We have just started using graylog-plugin-metrics to relay metrics to our graphite instance, and we're finding extremely curious results, like this (the times on this are at GMT-0600, so 10:00 on the graph is 16:00 GMT):
The graph is built from graylog absorption of nginx access.log entries, which have request_time and upstream_response_time fields. Since the upstream response time must be completely contained within the request time, request_time should be strictly greater than upstream_response_time (it is not possible for a request to have a greater request_time than an upstream_response_time).
Note that it is explicitly possible for a request to not have an upstream_response_time (if it is nginx serving a static file), but we've explicitly adjusted for that -- the graylog stream that we are dealing with restricts events to only those that include an upstream_response_time.
I've validated that within graylog itself, the reality holds and that upstream_response_time is always less than request_time:
From 16:07 to 16:08, mean request_time is 193.43 and mean upstream_response_time is 175.78.

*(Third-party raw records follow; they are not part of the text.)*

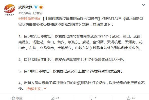 通告明确,自3月28日零时起,恢复办理武汉市17个(武汉、汉口、武昌、南湖东、汤逊湖、庙山、普安、纸坊东、后湖、金银潭、天河机场、天河街、花山南、左岭、乌龙泉南、土地堂东、山坡东站)铁路客站到达业务。自4月8日零时起,恢复办理武汉市上述17个铁路客站出发业务。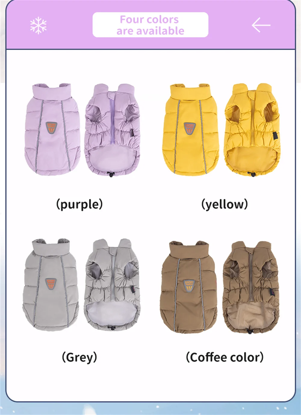 Disponible en una variedad de tamaños, este plumón y parka para perros garantiza un ajuste perfecto para su mascota, mejorando su comodidad y movilidad.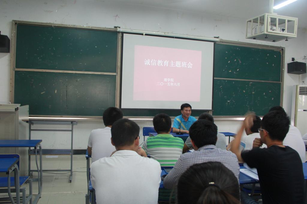 弘扬诚信,召开主题班会。5月27日至6月2日,理学院各年级召开诚信教育主题班会,辅导员结合诚信典型人物及事件,列举了当下学生中存在的不诚信现象和危害,呼吁学生从现在开始,从细节着手,通过实际行动认识诚信、感悟诚信、坚持诚信,不断养成诚实守信的良好习惯和道德品质。
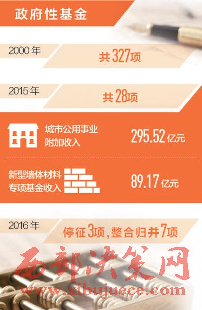 經(jīng)過幾輪清理規(guī)范后,到2015年,政府性基金已從2000年的327項減少到28項。2016年,國家進一步清理收費基金,停征價格調(diào)節(jié)基金等3項政府性基金,整合歸并散裝水泥專項資金等7項政府性基金。特別是針對小微企業(yè),加大了降費力度。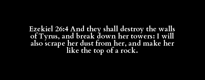 Ezekiel 26:4 And they shall destroy the walls of Tyrus, and break down her towers: I will also scrape her dust from her, and make her like the top of a rock.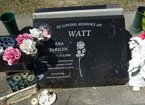 In Loving Memory of WATT RHENA MERRILYN 7-4-1952 – 17.11.2018 Devoted mother of Rick & Craig Nanny of Tia, Summer and Keely. Wife/loved companion of Darren. In God’s Care For ever in our Hearts. |
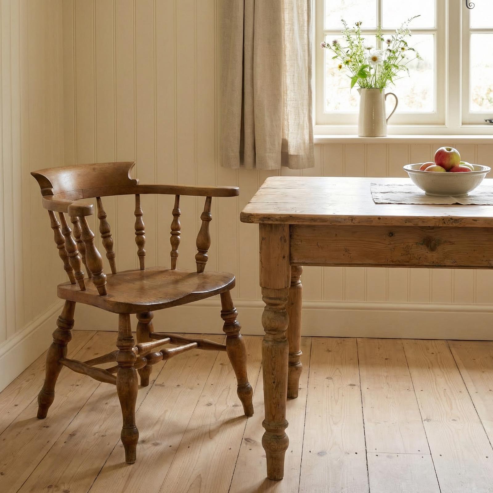 The Old Yard has clarified that the 19th Century Elm Smokers Bow Chair / Captains Chair (LA564367) is genuinely of the period declared with the date/period of manufacture being 19th Century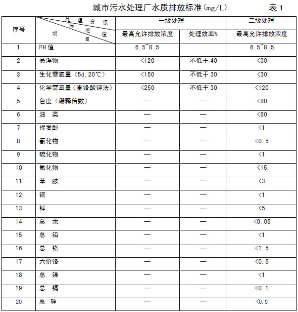 3.2经城市污水处理厂处理的水质排放标准,应符合表1的规定。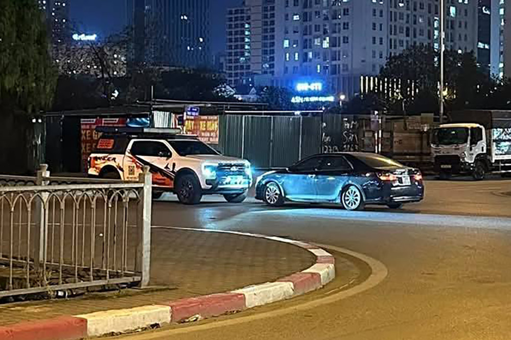 Theo hình ảnh và nội dung trong bài viết, sự việc xảy ra vào đêm cùng ngày, khi ô tô con màu đen, mang BKS 30A- 660.XX và xe bán tải màu trắng mang biển số 29K-100.XX bất ngờ dừng giữa đường.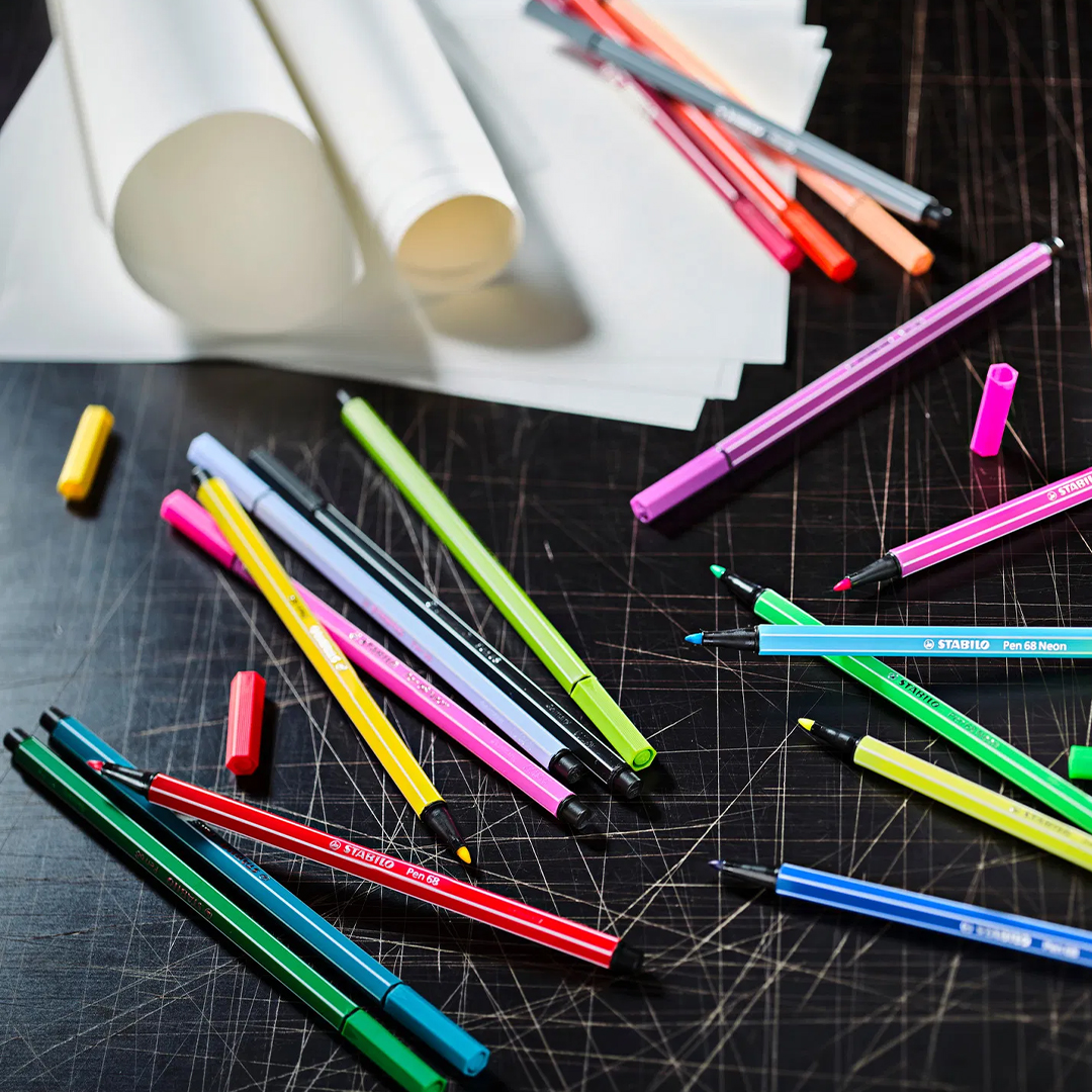 Det finns många olika set med Stabilo Pen 68 i starka, livfulla färger.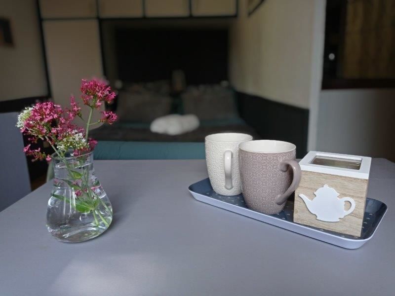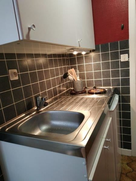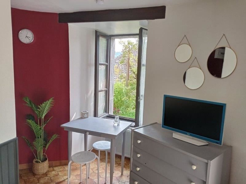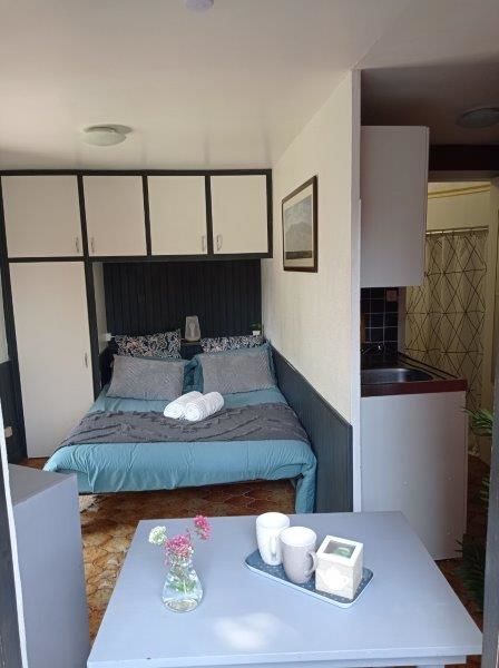 Le studio, petit mais chaleureux, comprend un lit double, une kitchenette avec table et tabourets et une petite salle d'eau avec douche, lavabo et wc.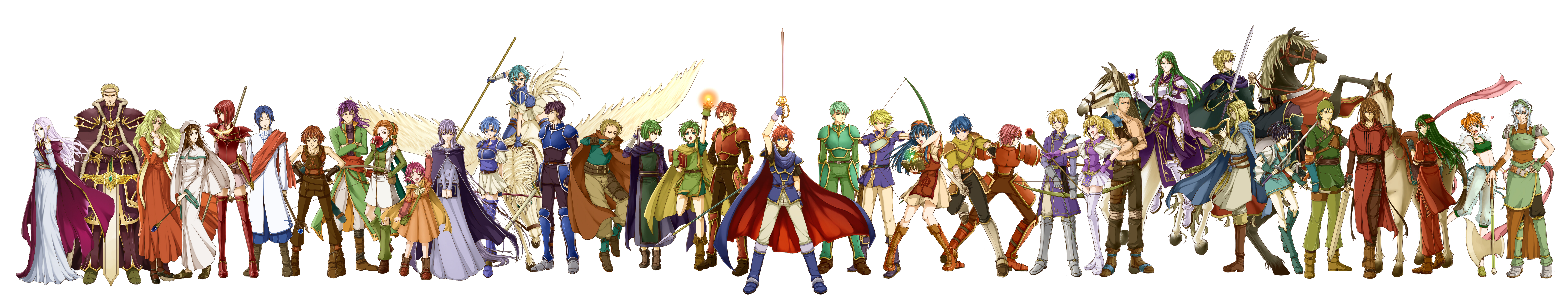 >:o 6+boys 6+girls :o ;d ^_^ absurdres alen_(fire_emblem) annotated aqua_hair arm_up armor axe bandana bare_shoulders beard belly_chain blonde_hair blue_dress blue_hair book boots bow_(weapon) breastplate brown_eyes brown_hair cape cath_(fire_emblem) cecilia_(fire_emblem) chad_(fire_emblem) clarine_(fire_emblem) cloak closed_eyes coat dagger delsaber dieck_(fire_emblem) dorothy_(fire_emblem) dress echidna_(fire_emblem) elbow_gloves elen_(fire_emblem) elffin_(fire_emblem) expressionless facial_hair facial_mark fae_(fire_emblem) fingerless_gloves fire fire_emblem fire_emblem:_the_binding_blade forehead_mark gauntlets gem gloves gold_trim green_eyes green_gloves green_hair guinevere_(fire_emblem) gwendolyn_(fire_emblem) heterochromia highres holding holding_book horse horseback_riding huge_weapon hugh_(fire_emblem) idunn_(fire_emblem) jewelry klein_(fire_emblem) knife lance_(fire_emblem) larum_(fire_emblem) light_purple_hair lilina_(fire_emblem) long_image long_sleeves looking_back lugh_(fire_emblem) magic melady_(fire_emblem) midriff multiple_boys multiple_girls nintendo noah_(fire_emblem) ogier_(fire_emblem) one_eye_closed open_mouth pegasus perceval_(fire_emblem) pink_hair pointy_ears polearm purple_eyes purple_hair raigh_(fire_emblem) red_dress red_hair riding robe roy_(fire_emblem) rutger_(fire_emblem) saul_(fire_emblem) shanna_(fire_emblem) shoes short_sleeves simple_background sin_(fire_emblem) skirt sleeveless smile sophia_(fire_emblem) spear staff sue_(fire_emblem) sword thea_(fire_emblem) thigh_boots thighhighs topless_male v-shaped_eyebrows weapon white_background wide_image wolt_(fire_emblem) zephiel_(fire_emblem) zettai_ryouiki
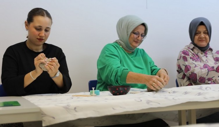 Hem el becerilerini geliştiren hem de sanat yoluyla kendilerini ifade etmenin keyfini yaşayan vatandaşlar, seramik çalışmaları sırasında birbirleriyle iletişim kurarak üretmenin mutluluğunu paylaştı.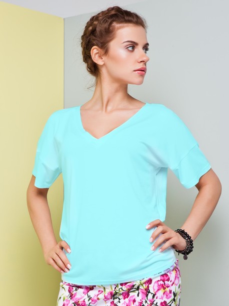 Футболка из натурального материала, глубокий V-образный выкат горловины, линия плеча спущена, силуэт свободный. Легко комбинируется с различными предметами гардероба.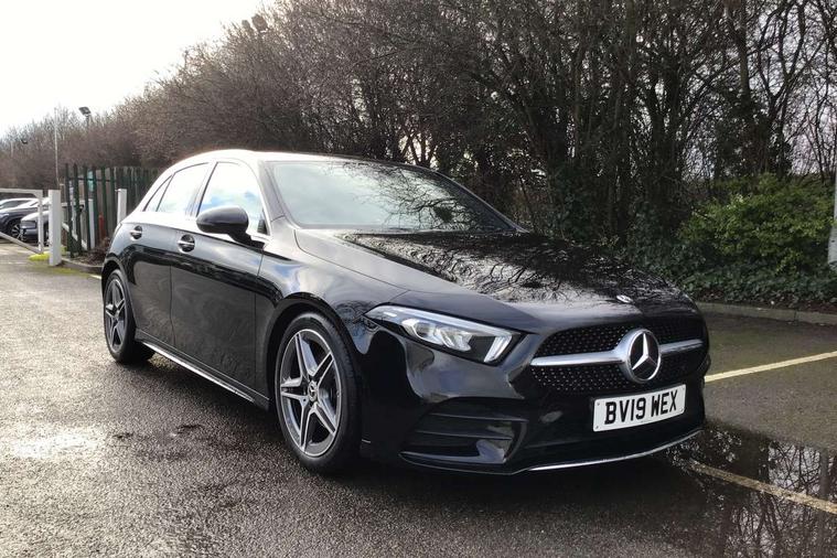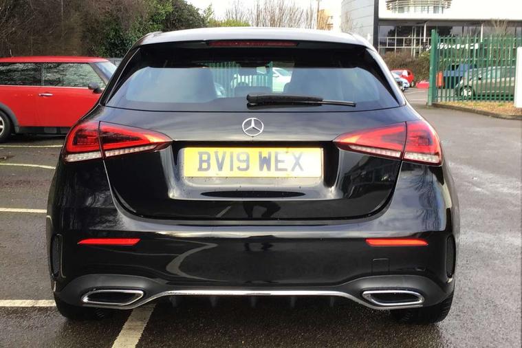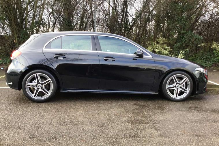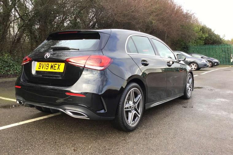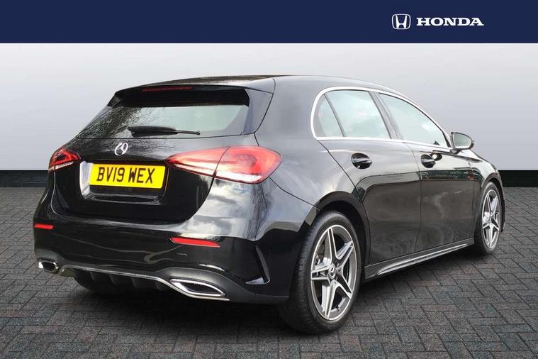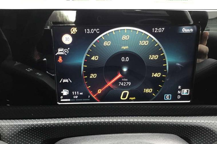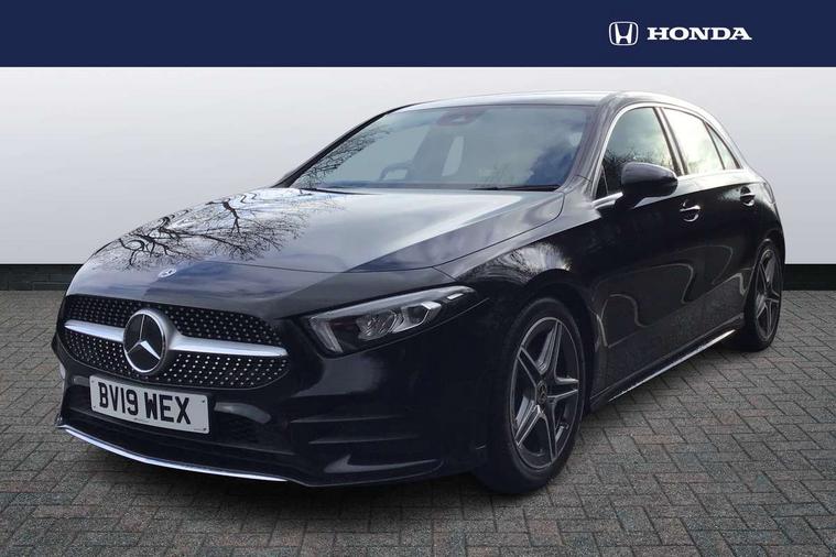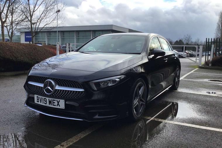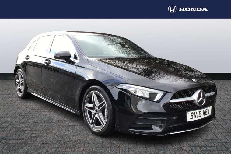 180 degree rear view camera with parking guidelines, 7" colour screen in instrument panel, 7" touchscreen media display, Active lane keep assist, Attention assist, Brake pad wear indicator warning light, Cruise control + speed limiter, Direct steering, Direction indicators with lane change function, DYNAMIC SELECT with a choice of driving modes (ECO, Comfort, Sport, Sport+ and Individual), Fluid level warning indicator for fuel, oil, coolant and washer fluid, Hard-disk navigation, Lamp failure indicator, Mercedes me connect including emergency call system, accident recovery, breakdown and maintenance management, Outside temperature gauge, Radio aerial integrated into roof spoiler, Service indicator (ASSYST), Speed sensitive power steering, Stop/start system, Trip computer, Voice activation, Lowered comfort suspension, DAB Digital radio, Dual bluetooth interface, 2 USB ports (type C), MBUX multimedia system with DAB digital radio and touchpad including satellite navigation, Adaptive brake lights, AMG front, rear apron and side skirts, Blue tinted glass, Body colour bumpers, Body colour door handles, Body colour side skirt, Body coloured door mirrors, Chrome beltline trim, Diamond radiator grille with chrome pins and silver louvre + chrome insert, Electric adjustable and heated door mirrors with integrated LED side indicators, Electric front windows, Electric rear windows, Exhaust system - Twin trapezoidal tailpipes in polished stainless steel, Headlamp assist automatic headlamp activation, Heated glass rear windscreen + timer control, LED high performance headlamps with integrated LED daytime running lights, LED tail lamp, LED third brake light, Rain sensor windscreen wipers, Rear fog lights, Rear wiper, 12V socket, 3 Spoke flat bottom leather multi function steering wheel with perforated leather in grip area, 40:20:40 split folding rear seats, Air vents surround and cruciform nozzle in silver chrome, AMG floor mats with red stitching, Artico man-made leather/Microfibre Dinamica upholstery with red contrast stitching, Auto Mercedes-Benz child seat recognition sensor, Black roof lining, Brushed stainless steel sports pedals with rubber studs, Controller on centre console with chrome surround, Cup holder and stowage compartment lighting, Front centre armrest with storage compartment, Front door sills with Mercedes Benz lettering, Front doors with ambient and signal light, Front footwell lights, Front reading lamps, Front seat backs luggage nets, Front seat cushion length adjustment, Front signal exit lamp, Front vanity lights, Gearshift paddles on steering wheel, Handle recess/closing light, Height/reach adjustable steering column, Illuminated glovebox, ISOFIX Child seat top tethers and anchor fixings, Load securing rings in luggage compartment, Luggage compartment cover, Manual height adjustable front seats, Oddments tray lighting, Rear head restraints, Rear Reading Lamps, Seat occupancy sensor for front passenger seat, Sports seats with integrated headrests, Storage compartment under load area floor, Sunvisors with illuminated vanity mirrors, Touchpad, Touchpad illumination, Twin front cupholders, Two zone thermotronic luxury automatic climate control, Seat comfort pack - A Class, 3 rear 3 point seatbelts, ABS with Brake Assist, Active bonnet, Active brake assist includes forward collision warning system with autonomous braking, Adaptive brake assist with hold function and hill start assist, Black seatbelts, Brake calipers with Mercedes-Benz lettering + perforated brake discs, Childproof locks manually operated for rear doors and electrically operated for rear power windows, Crash responsive emergency lighting, Driver and passenger head and side airbags, Drivers knee airbag, Dual stage driver/passenger airbags, Electronic parking brake, ESP curve dynamic assist, ESP with ASR, Front and rear seatbelt reminder, Tyre pressure monitoring system, Warning triangle and first aid kit, Window airbags, Alarm system/interior protection/immobiliser, Keyless Go, Remote central locking and crash sensor with emergency opening function, 18" AMG 5 twin spoke light alloy wheels in titanium grey with highsheen finish, Tirefit sealant kit,

From 16:08 to 16:09, mean request_time is 190.33 and mean upstream_response_time is 163.96.
From 16:09 to 16:10, mean request_time is 219.43 and mean upstream_response_time is 183.53.
From 16:10 to 16:11, mean request_time is 215.08 and mean upstream_response_time is 186.41.
... thus, the data in graylog looks good. The request_time and upstream_response_time fields are sent (as histograms, via graylog-plugin-metrics) to graphite, and result in the following graphite data, however:
$ whisper-fetch.py --from=1458230820 --until=1458231060 request_time/mean.wsp
1458230880 192.900000
1458230940 152.620000
1458231000 221.990000
1458231060 206.160000
$ whisper-fetch.py --from=1458230820 --until=1458231060 upstream_response_time/mean.wsp
1458230880 171.720000
1458230940 223.010000
1458231000 202.560000
1458231060 191.670000
As you can see, the data for 1458230940 (16:09 GMT) shows a significantly higher mean upstream_response_time than request_time. This should not be possible.
As the data in graylog appears correct, I can only assume that the metrics plugin is applying a transform to the data as it builds the necessary histogram, and that this is leading to incorrect output being sent to graphite.
Please let me know if there is further debugging that I can do on this front to help aid in diagnosing this issue.